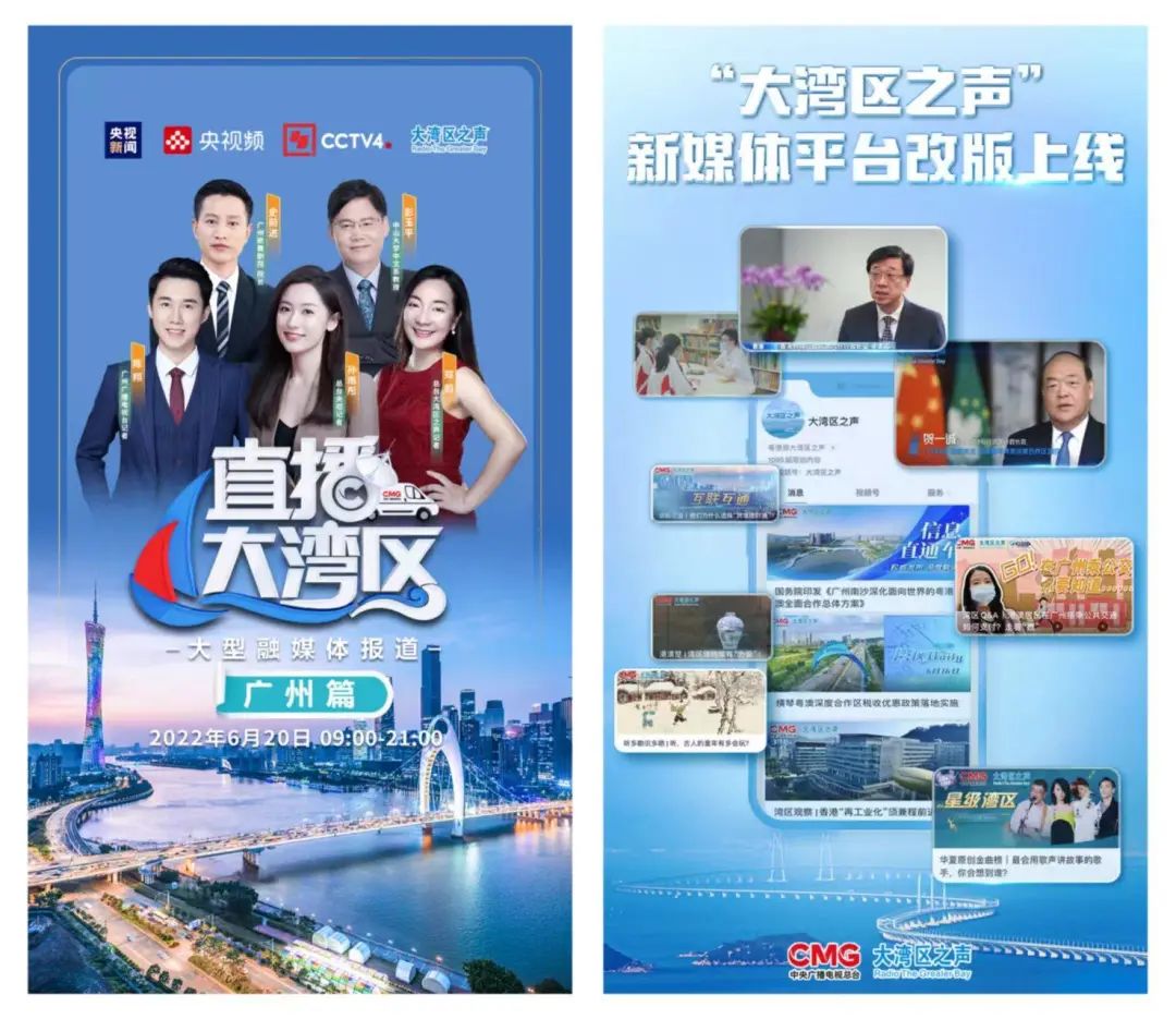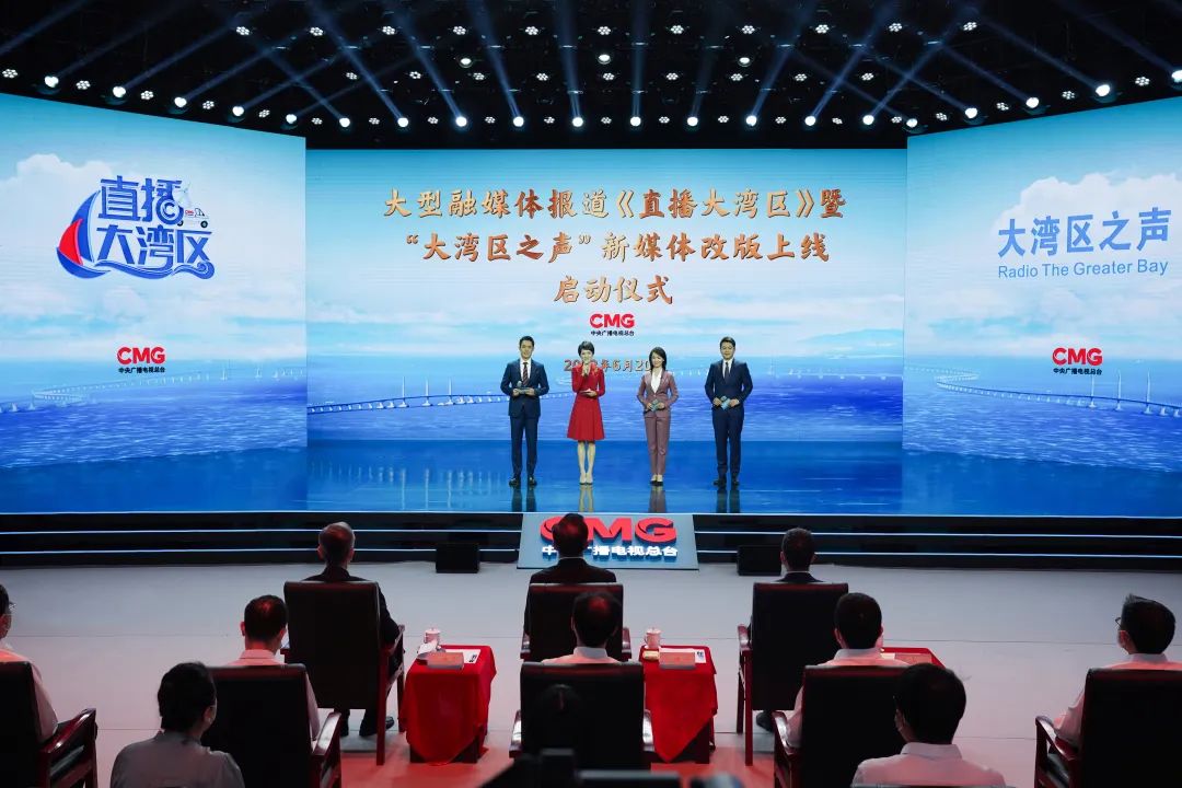 中央广播电视总台大型融媒体报道《直播大湾区》6月20日正式开播,总台“大湾区之声”新媒体同日改版上线。香港特别行政区第六任行政长官李家超、澳门特别行政区行政长官贺一诚以视频致辞的方式表示祝贺。中宣部副部长、中央广播电视总台台长兼总编辑慎海雄,广东省委常委、副省长王曦共同为两个项目启动。
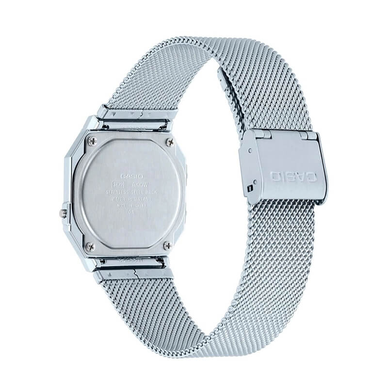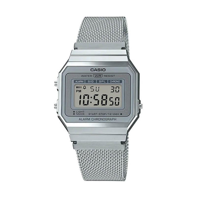 El Casio A-700WM-7A es un reloj digital que se distingue por su diseño elegante y moderno en color plateado. Su caja y correa de acero inoxidable le confieren un aspecto sofisticado, ideal para quienes buscan un reloj con un toque de clase y funcionalidad. Equipado con una pantalla LCD retroiluminada, este reloj ofrece una lectura clara en diferentes condiciones de luz.
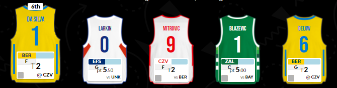 Από εκεί και πέρα, προβληματισμός υπάρχει για τα σκορ των Jones και κυρίως του Larkin, με τους Da Silva και Mitrovic να μπορούν να τους αντικαταστήσουν. Εδώ θα μπορούσαν να πραγματοποιηθούν δύο εσωτερικές αλλαγές, μία, ή ακόμα και καμία, αν και στο μικρό, αλλά εντυπωσιακό ιστορικό του ψηλού της Άλμπα δεν με αφήνει να τον ...αφήσω απ' έξω. Έτσι λοιπόν, ο Da Silva θα αντικαταστήσει τον Larkin, ο οποίος ήρθε με μεγάλες περγαμηνές, αλλά τελικά θα δώσει μόνο 5,5 πόντους στην ομάδα.
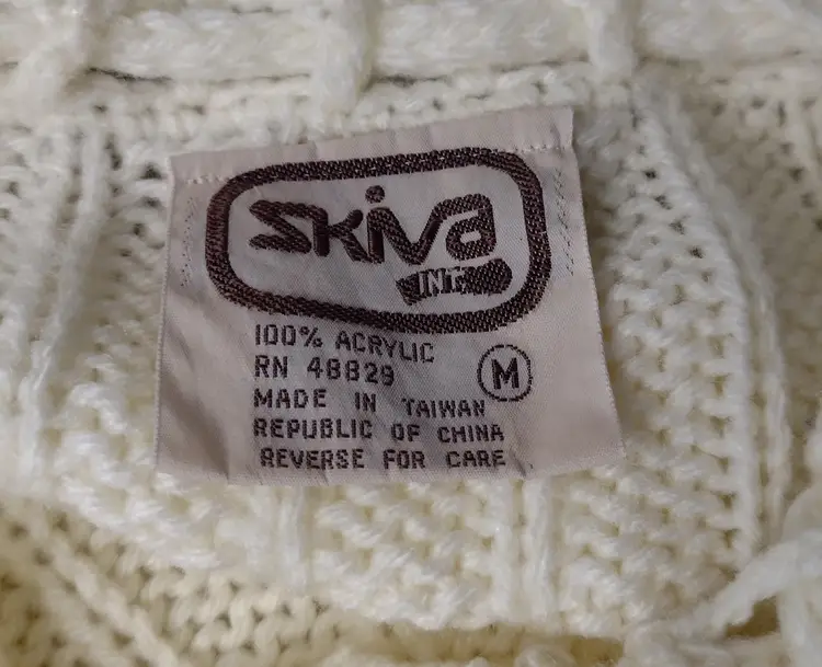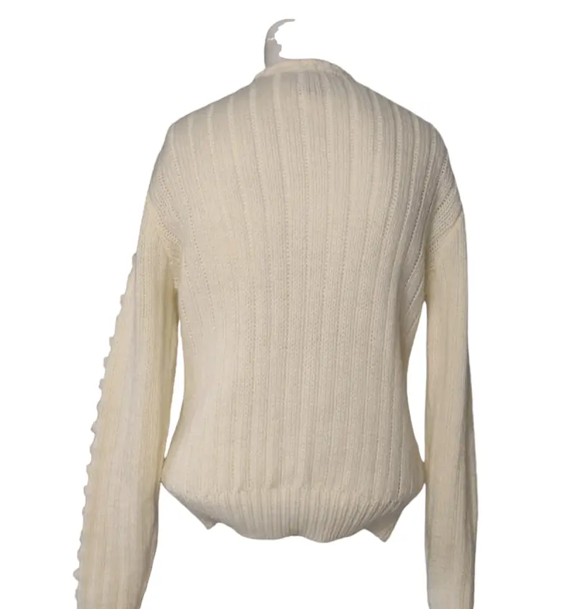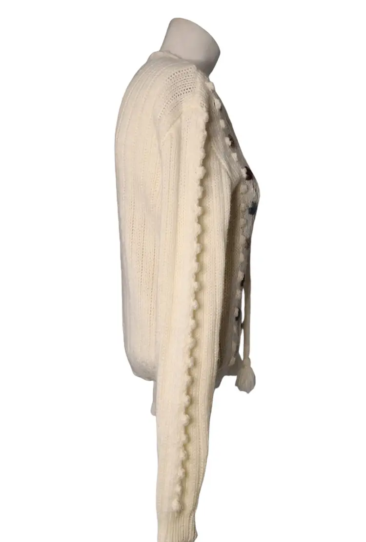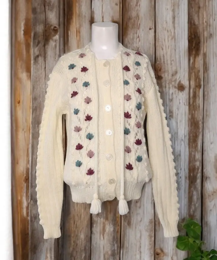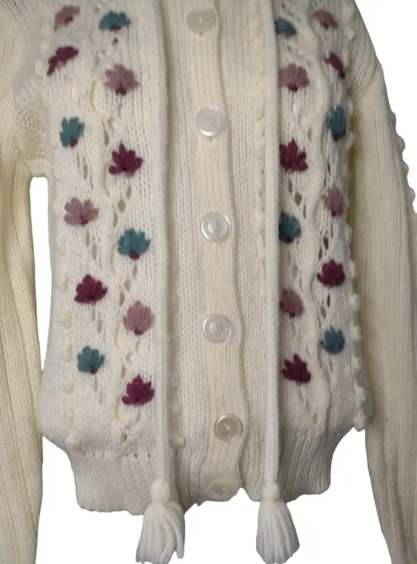 This is a beautiful cardigan sweater with so much going for it! This is a button front with ridges and a partial open knit & crewel embroidered flowers on the front. There are knit baubles all down the arms & in the front chest. Shoulder to shoulder measures 18" x pit to pit measures 22" x shoulder to hem measures 21".
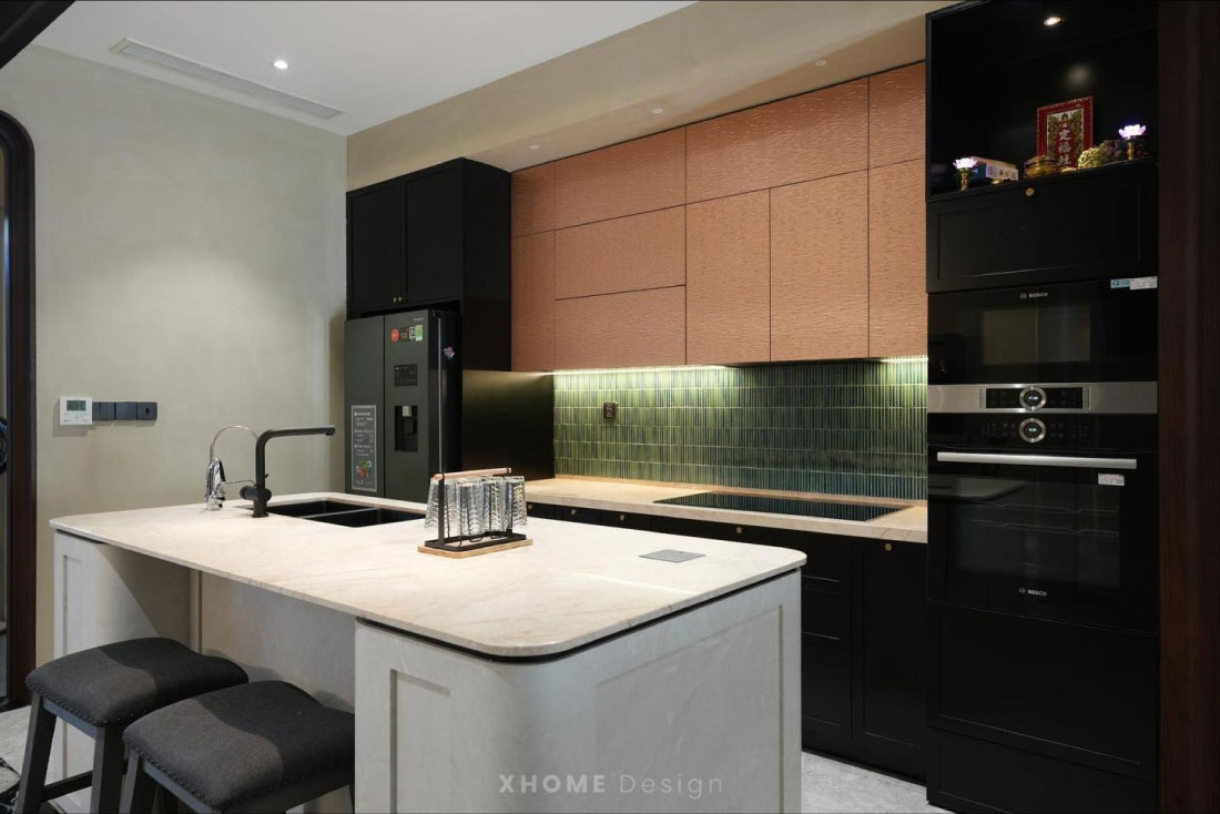Khu bếp được thiết kế mở, liền mạch với phòng khách, tạo sự kết nối hài hòa giữa các không gian sinh hoạt. Nổi bật với đảo bếp ốp đá nhân tạo vân mây bo góc mềm mại, vừa là khu sơ chế vừa là quầy bar tiện dụng, kết hợp ghế bar gỗ bọc nỉ xám đồng điệu. Hệ tủ bếp trên phủ laminate vân đồng ánh nhẹ, tủ dưới sơn đen mờ kết hợp phào chỉ tinh giản, tạo chiều sâu và sự sang trọng. Điểm nhấn đặc biệt là mảng ốp bếp sử dụng gạch gốm thẻ men xanh rêu bóng mờ, giúp không gian bừng sáng và dễ vệ sinh. Toàn bộ thiết bị bếp được tích hợp hiện đại: bếp từ âm, lò nướng, lò vi sóng, máy rửa chén và tủ lạnh âm tường, đảm bảo công năng tối ưu trong một tổng thể bếp chuẩn mực và giàu thẩm mỹ.
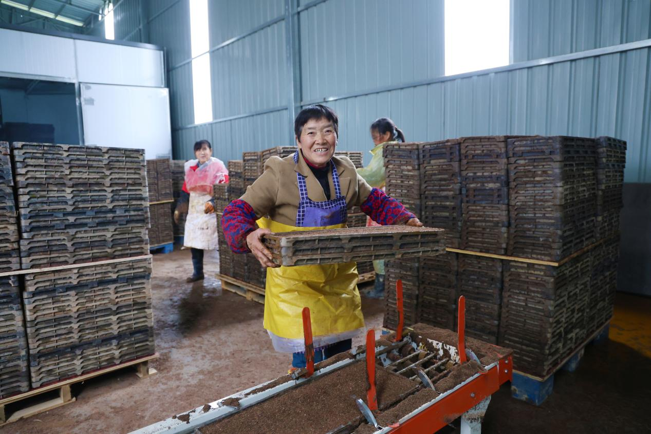 育秧車間內,工人們在全自動育秧流水線上有條不紊地忙碌(唐文峰 攝)
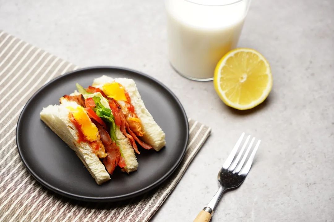 夹的肉可能是加工肉制品培根,切片面包本身可能是白面包还可能加了糖。
-*-
§ WHAT THE TASK ASKS: Without copying any picture, write out all of the material exactly as it reads.

§ EXPECTED ANSWER:
 中央广播电视总台大型融媒体报道《直播大湾区》6月20日正式开播,总台“大湾区之声”新媒体同日改版上线。香港特别行政区第六任行政长官李家超、澳门特别行政区行政长官贺一诚以视频致辞的方式表示祝贺。中宣部副部长、中央广播电视总台台长兼总编辑慎海雄,广东省委常委、副省长王曦共同为两个项目启动。
 El Casio A-700WM-7A es un reloj digital que se distingue por su diseño elegante y moderno en color plateado. Su caja y correa de acero inoxidable le confieren un aspecto sofisticado, ideal para quienes buscan un reloj con un toque de clase y funcionalidad. Equipado con una pantalla LCD retroiluminada, este reloj ofrece una lectura clara en diferentes condiciones de luz.
 Από εκεί και πέρα, προβληματισμός υπάρχει για τα σκορ των Jones και κυρίως του Larkin, με τους Da Silva και Mitrovic να μπορούν να τους αντικαταστήσουν. Εδώ θα μπορούσαν να πραγματοποιηθούν δύο εσωτερικές αλλαγές, μία, ή ακόμα και καμία, αν και στο μικρό, αλλά εντυπωσιακό ιστορικό του ψηλού της Άλμπα δεν με αφήνει να τον ...αφήσω απ' έξω. Έτσι λοιπόν, ο Da Silva θα αντικαταστήσει τον Larkin, ο οποίος ήρθε με μεγάλες περγαμηνές, αλλά τελικά θα δώσει μόνο 5,5 πόντους στην ομάδα.
 This is a beautiful cardigan sweater with so much going for it! This is a button front with ridges and a partial open knit & crewel embroidered flowers on the front. There are knit baubles all down the arms & in the front chest. Shoulder to shoulder measures 18" x pit to pit measures 22" x shoulder to hem measures 21".
Khu bếp được thiết kế mở, liền mạch với phòng khách, tạo sự kết nối hài hòa giữa các không gian sinh hoạt. Nổi bật với đảo bếp ốp đá nhân tạo vân mây bo góc mềm mại, vừa là khu sơ chế vừa là quầy bar tiện dụng, kết hợp ghế bar gỗ bọc nỉ xám đồng điệu. Hệ tủ bếp trên phủ laminate vân đồng ánh nhẹ, tủ dưới sơn đen mờ kết hợp phào chỉ tinh giản, tạo chiều sâu và sự sang trọng. Điểm nhấn đặc biệt là mảng ốp bếp sử dụng gạch gốm thẻ men xanh rêu bóng mờ, giúp không gian bừng sáng và dễ vệ sinh. Toàn bộ thiết bị bếp được tích hợp hiện đại: bếp từ âm, lò nướng, lò vi sóng, máy rửa chén và tủ lạnh âm tường, đảm bảo công năng tối ưu trong một tổng thể bếp chuẩn mực và giàu thẩm mỹ.
 育秧車間內,工人們在全自動育秧流水線上有條不紊地忙碌(唐文峰 攝)
 夹的肉可能是加工肉制品培根,切片面包本身可能是白面包还可能加了糖。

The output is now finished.